Exercise: Skip every picture while you write out the records below, from the first line through the one that contains "披风(日语:雨覆)只有军官才有。披风领口有一颗纽扣闭合,下部敞开。", both ends kept.

· · · · · · ·

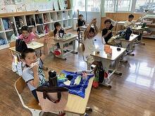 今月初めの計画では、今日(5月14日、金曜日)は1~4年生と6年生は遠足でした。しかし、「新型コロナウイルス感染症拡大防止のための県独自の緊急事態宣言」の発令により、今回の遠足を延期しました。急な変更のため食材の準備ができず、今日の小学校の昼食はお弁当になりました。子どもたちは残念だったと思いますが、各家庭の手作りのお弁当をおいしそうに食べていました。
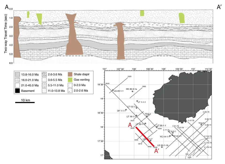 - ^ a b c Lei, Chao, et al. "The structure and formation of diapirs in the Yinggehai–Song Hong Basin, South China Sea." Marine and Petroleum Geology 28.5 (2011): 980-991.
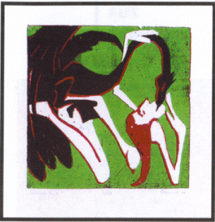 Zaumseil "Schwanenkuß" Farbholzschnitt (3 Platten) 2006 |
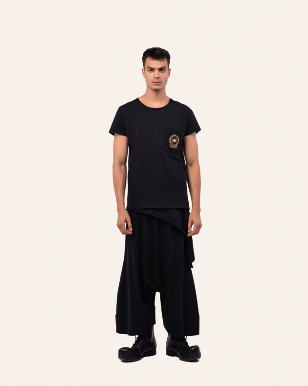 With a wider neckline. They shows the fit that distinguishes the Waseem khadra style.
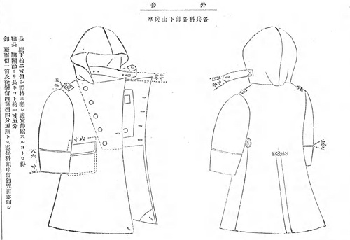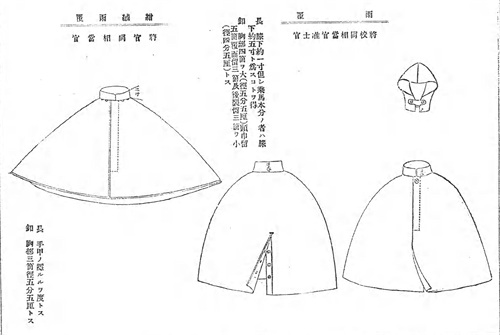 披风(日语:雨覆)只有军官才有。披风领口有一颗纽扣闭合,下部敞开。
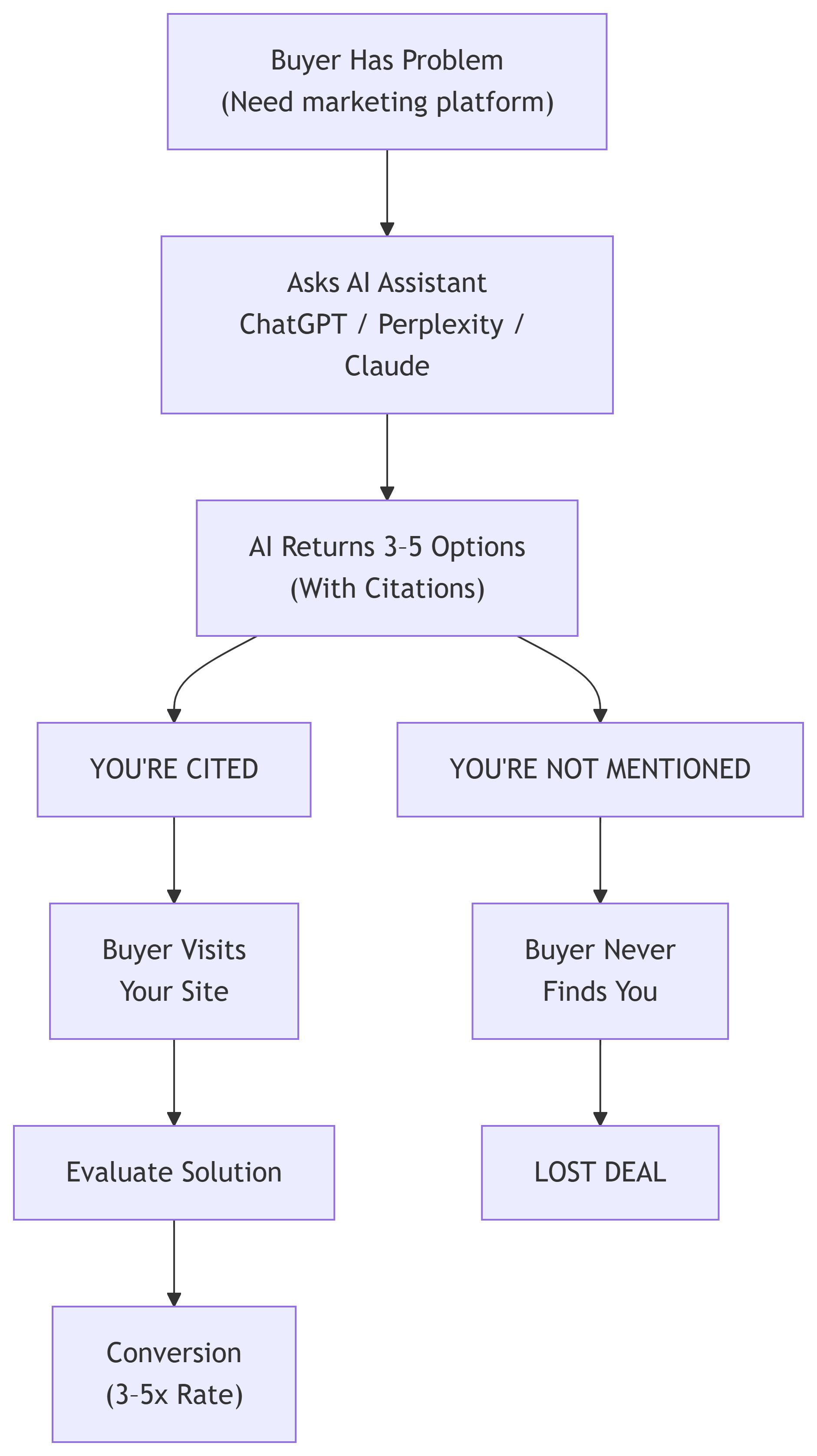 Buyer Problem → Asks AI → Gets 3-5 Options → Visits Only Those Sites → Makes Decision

· · · · · · ·

Answer space:
 今月初めの計画では、今日(5月14日、金曜日)は1~4年生と6年生は遠足でした。しかし、「新型コロナウイルス感染症拡大防止のための県独自の緊急事態宣言」の発令により、今回の遠足を延期しました。急な変更のため食材の準備ができず、今日の小学校の昼食はお弁当になりました。子どもたちは残念だったと思いますが、各家庭の手作りのお弁当をおいしそうに食べていました。
 - ^ a b c Lei, Chao, et al. "The structure and formation of diapirs in the Yinggehai–Song Hong Basin, South China Sea." Marine and Petroleum Geology 28.5 (2011): 980-991.
 Zaumseil "Schwanenkuß" Farbholzschnitt (3 Platten) 2006 |
 With a wider neckline. They shows the fit that distinguishes the Waseem khadra style.
 披风(日语:雨覆)只有军官才有。披风领口有一颗纽扣闭合,下部敞开。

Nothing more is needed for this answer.